BIO2032 : Residential Field Course (Inactive)
- Inactive for Year: 2022/23
- Module Leader(s): Dr Zarah Pattison
- Other Staff: Dr Evelyn Jensen, Dr Richard Bevan, Dr Marion Pfeifer, Professor John Bythell, Dr Gavin Stewart, Professor Darren Evans, Dr Aileen Mill, Dr Simon Peacock
- Owning School: Natural and Environmental Sciences
- Teaching Location: Newcastle City Campus
Semesters
Semester 2 Credit Value: | 10 |
ECTS Credits: | 5.0 |
Aims
Three alternative week-long field courses are organised to provide integrated and holistic training in:(1) developing scientific questions and formulating hypotheses; (2) the design, planning, conduct and reporting of field investigations, using field work techniques; (3) approaches to obtaining, recording, collating, analysing and presenting data, using appropriate statistical analyses and (4) undertaking field investigations of living systems in a responsible, safe and ethical manner.
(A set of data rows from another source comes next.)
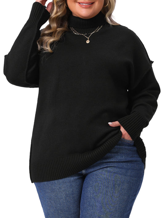 Women Plus Size Sweater Turtleneck Long Sleeve Knit Top Casual Loose Pullover Knitwear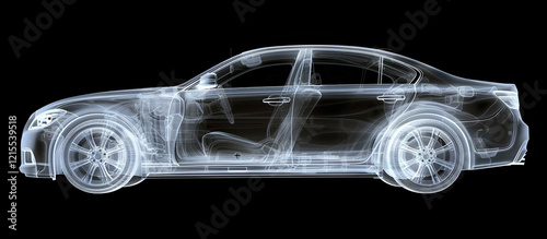 Car vehicle 3d blueprint mesh model on a black background. 3d rendered image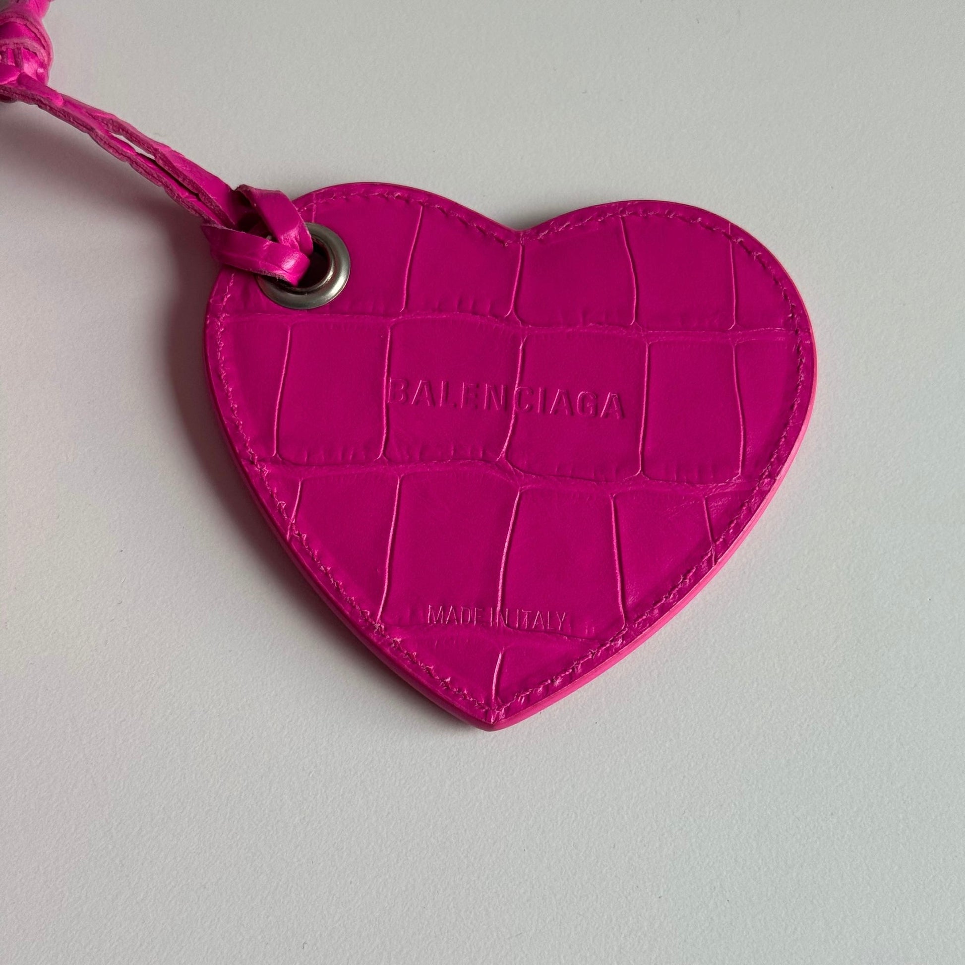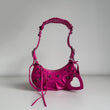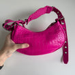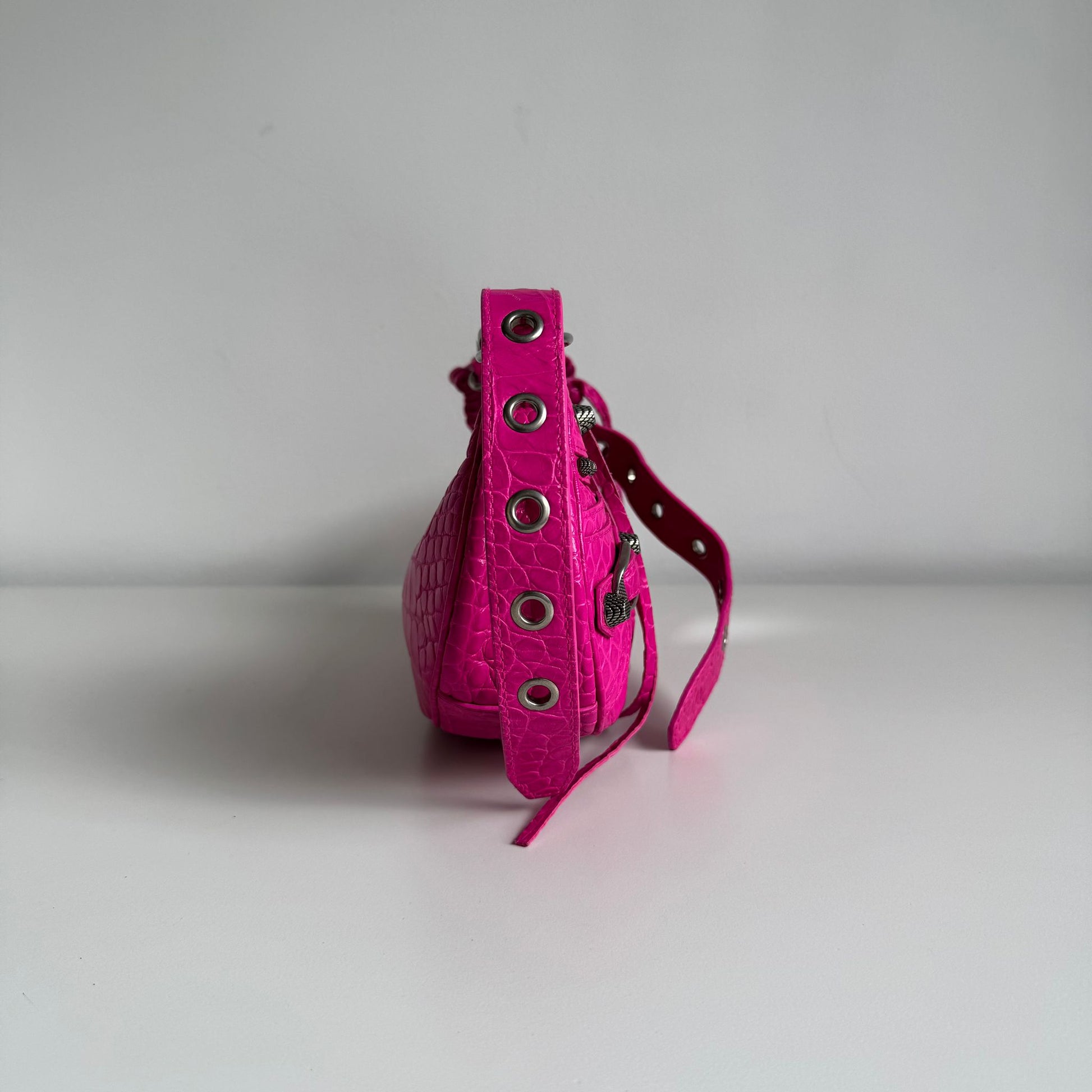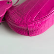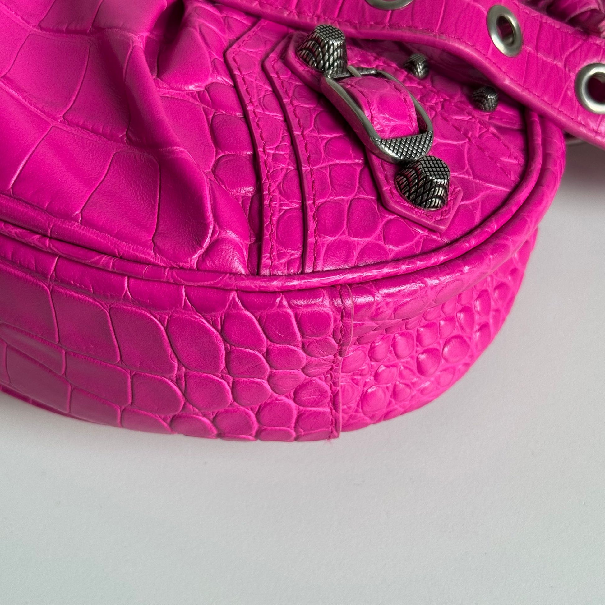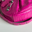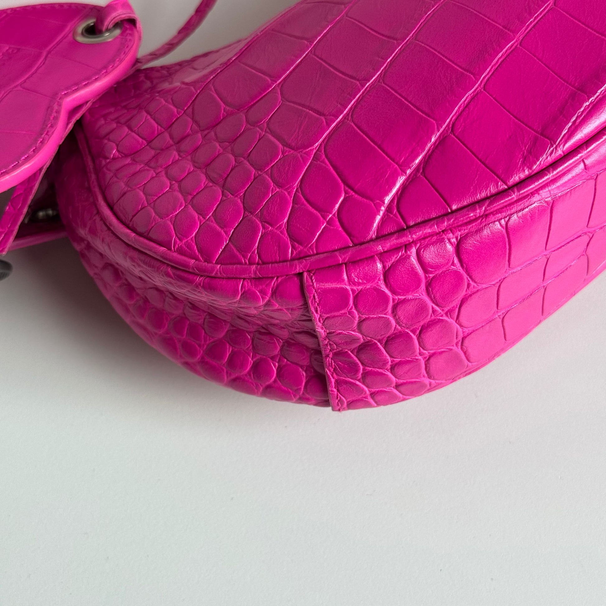 Iconica borsa Balenciaga modello Le Cagole XS in pelle croco fucsia con hardware argento. Si indossa a spalla e a tracolla grazie allo spallaccio regolabile.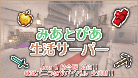 【Java&統合版・サバイバル!!】みあとぴあ生活鯖!! 【ほぼバニラのシンプル系サバイバル!!】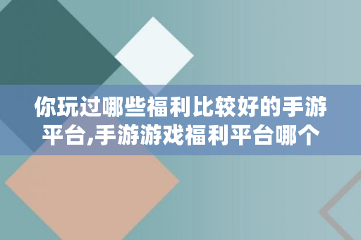 你玩过哪些福利比较好的手游平台,手游游戏福利平台哪个好用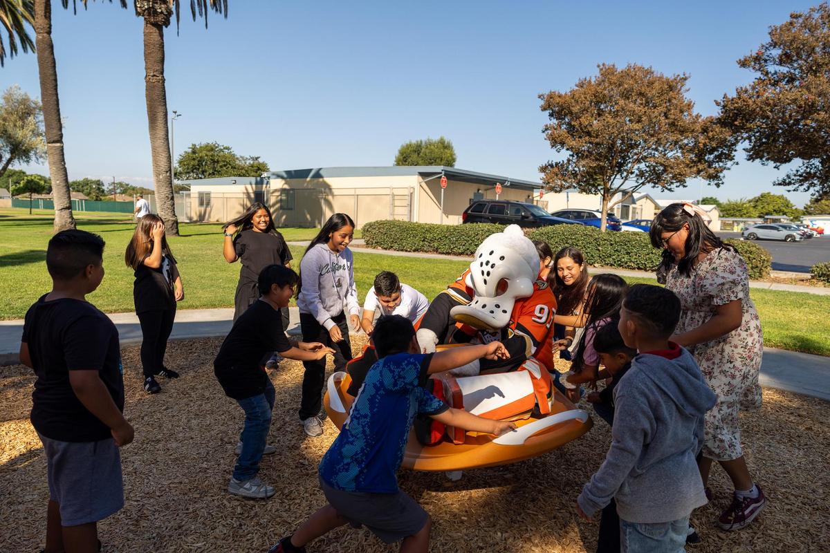 Wild Wing joined in the fun, racing across the structures, playing games with the students, and even taking a few trips down the slides, much to everyone’s delight. Made possible through the support of the Kaboom Organization, the Anaheim Ducks Foundation, and the City of Anaheim, the playground has quickly become a favorite destination for children and families. Wild Wing’s return visit was a perfect way to honor the community spirit and teamwork that made this exciting project a reality.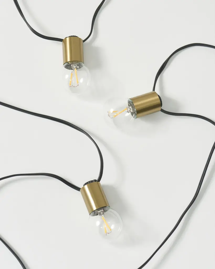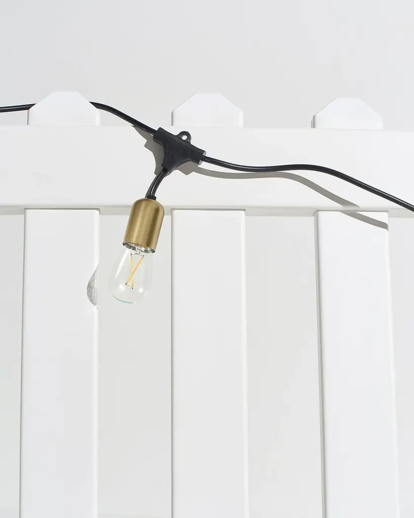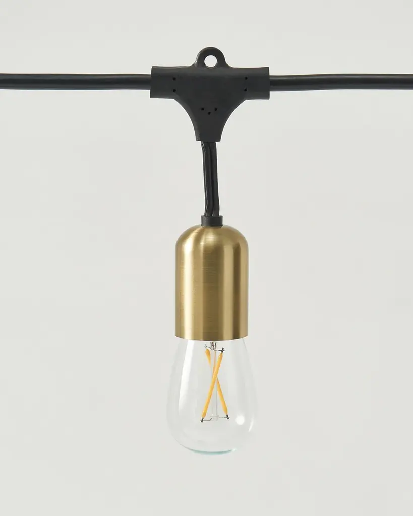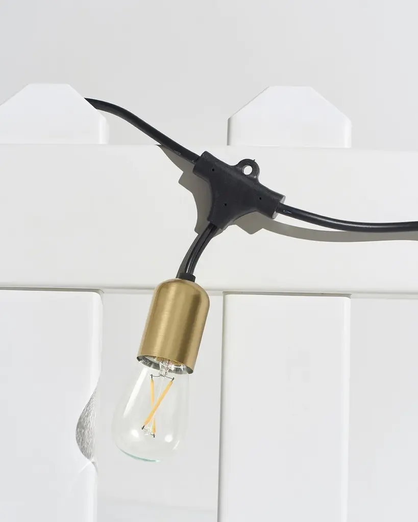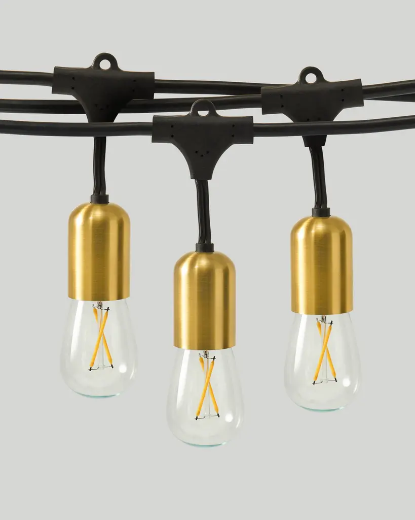 Encased with our heavy duty commercial-grade WeatherTite cables, these LED outdoor string lights are not only durable but stylish as well. With it’s modern brass color sockets, these will certainly turn heads at your next outdoor party.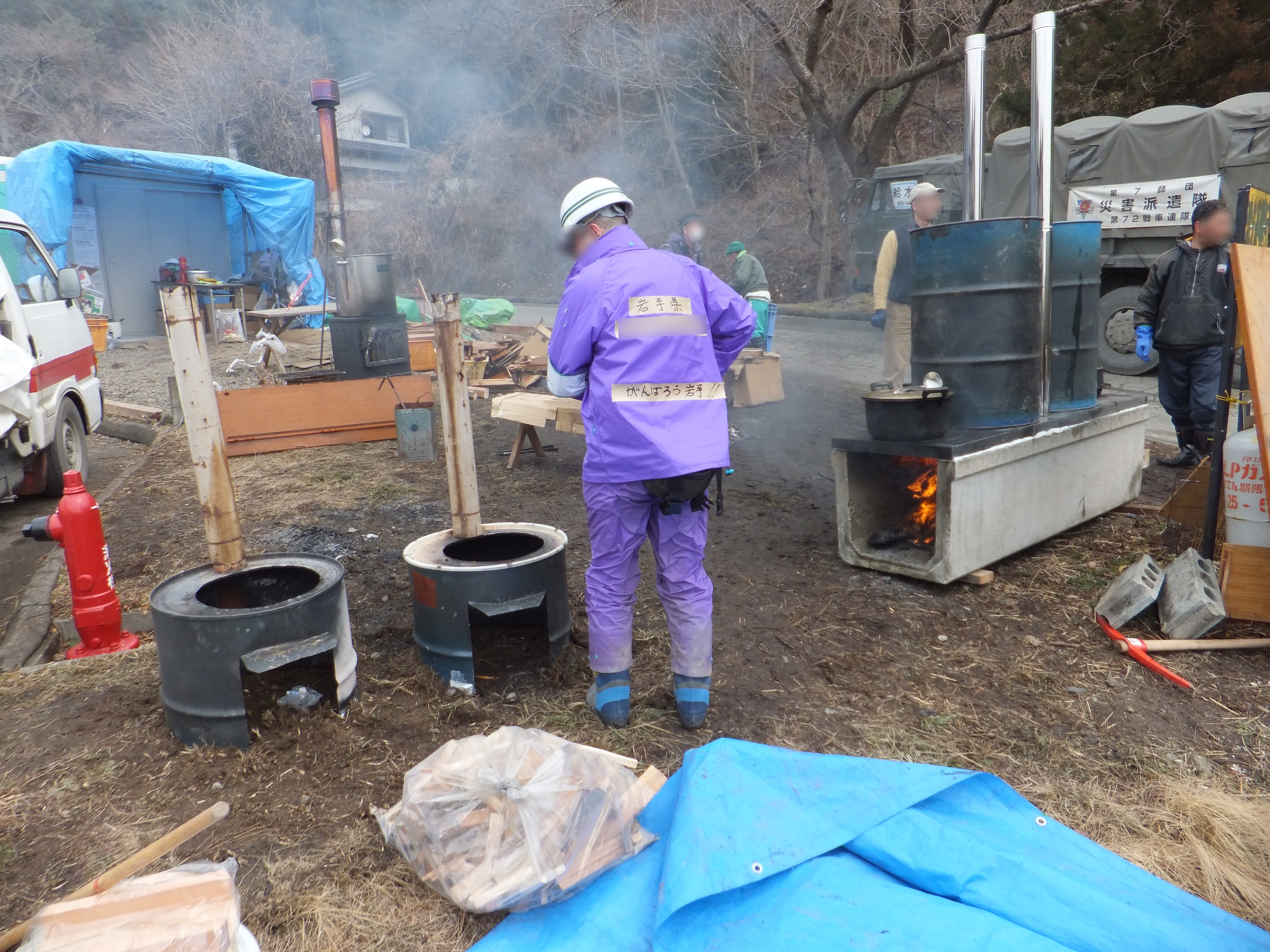避難所 拡大表示 ダウンロード 識別子 : 7629 タイトルよみ : ヒナンジョ 說明・要約 : ドラム缶で造った「たき火ボイラーかまど」の様子 作成者(撮影者) : 大槌町 作成者(撮影者)よみ : オオツチチョウ 提供者 : 提供者よみ : 撮影(作成)場所 : 岩手県上閉伊郡大槌町 赤浜 撮影(作成)場所よみ : イワテケンカミヘイグンオオツチチョウ アカハマ 作成日・撮影日 : 2011年 3月 26日 カテゴリー : 避難所 地域 : 赤浜地区 備考 :

This provides formative training, assessment and feedback that equips students to carry out their final year Research Project (BIO3199 and others) in whatever subject area, as well as increasing their practical field work, data processing and interpretation skills.
Outline Of Syllabus
At residential centre: hypotheses and study design, group project planning, training in field work techniques, data collection, analysis, presentation and critical appraisal.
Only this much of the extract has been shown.